En los días más fríos ese lecho se congelaba, pero aquella noche aún no hacía el frío suficiente para que ocurriera.

—¡Son ocho! —dijo Snail—. Ninguno de ellos espera un ataque de frente. ¡El más peligroso es el de la derecha!

—¿Por qué? —preguntó uno de los jóvenes.

—Es el que toca la alarma.

—Entonces lanza la mayor parte encima de él.

—No —dijo Snail—. ¡La mayor parte irá al frente!

—¡No entendí, padre! —dijo otro joven.

Aquel término siempre lo estremecía.

—La mayoría de ustedes irá al frente de la prisión a causar un alboroto. Finjan que protestan por la captura de alguien, insulten a los guardias y hagan lo que sea para llamar su atención hacia allá.

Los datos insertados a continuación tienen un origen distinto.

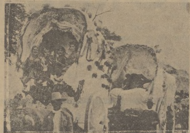
Detalle de unas carretas camino de Almonte

Pues señores yo opino y con migo creo que todos ustedes que con tanto vino, tanta bebida y tanto jaleo las «turcas» van a ser también abundantes en el Rocío y hay algunos «malagres», qué se ponen más «pe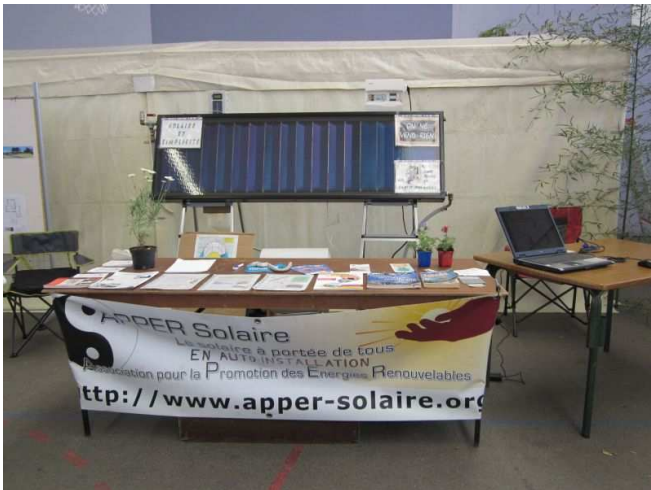
Le stand prêt à 10h00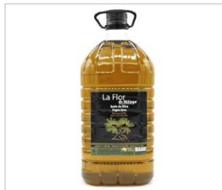
01180 Aceite de oliva Virgen Extra. Garrafa Formato: Caja de 3 x 5 l Conservación: Ambiente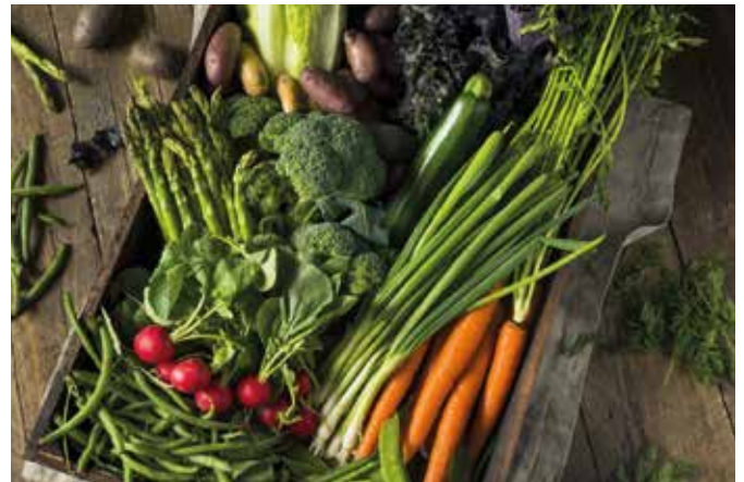
A zöldségekertből már szedhetők az első tavaszi zöldségek

Folytatjuk az alma és a szőlő gombabetegségek elleni védelmét. Az almafákat liszt-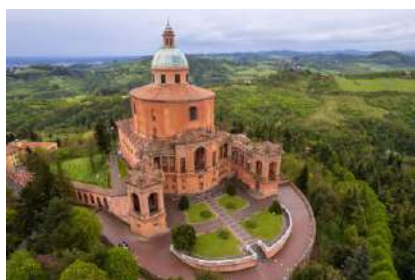
Madonna di San Luca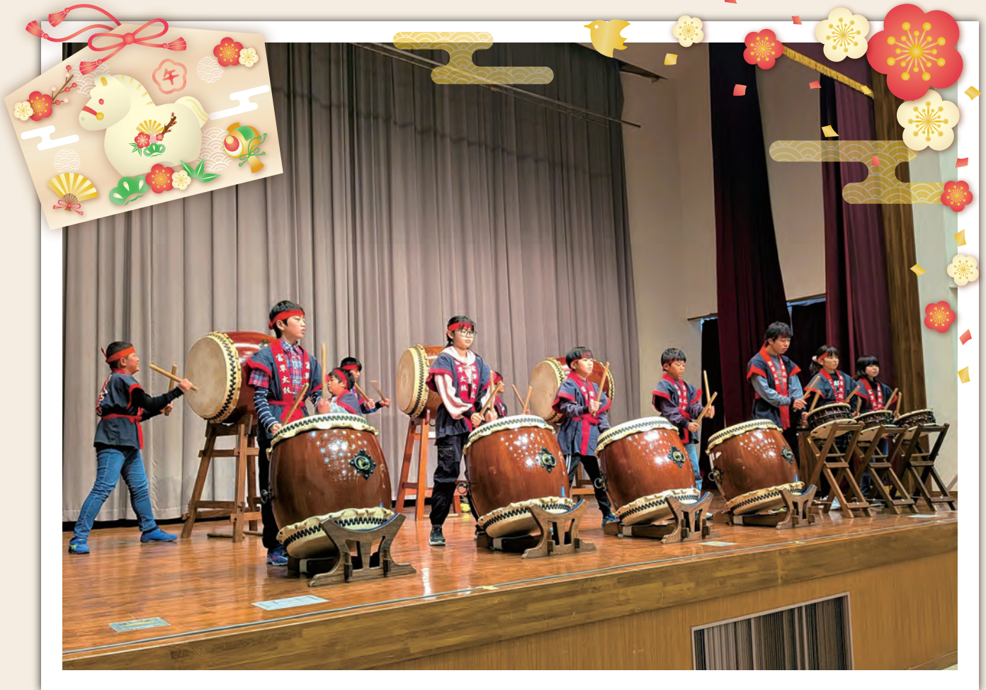
第39回 感性と創造のフェスティバル 富草小学校6年生「富草太鼓」

—¡Vaya, hasta que en verdad aportas algo cuando debes improvisar! —dijo Liriel.

—Uno de nosotros necesita aportar algo, ¿no?

Ella le sacó la lengua y sonrió.

—Son ocho guardias atrás —dijo uno de los jóvenes—. ¿Cuántos de nosotros van contigo?

—Veinte serán suficientes. Los otros cien seguirán cuando abramos los portones. ¡Los demás armen su alboroto al frente!

—¿Podemos matarlos? —preguntó uno de los más jóvenes, con una mirada rabiosa que asustaba.

—Procuren no hacerlo —dijo Snail—. Al ver compañeros muertos los demás se volverían más violentos.

Todos se mostraron de acuerdo.

Había llegado la hora de poner en práctica un plan que tenía todo para salir mal.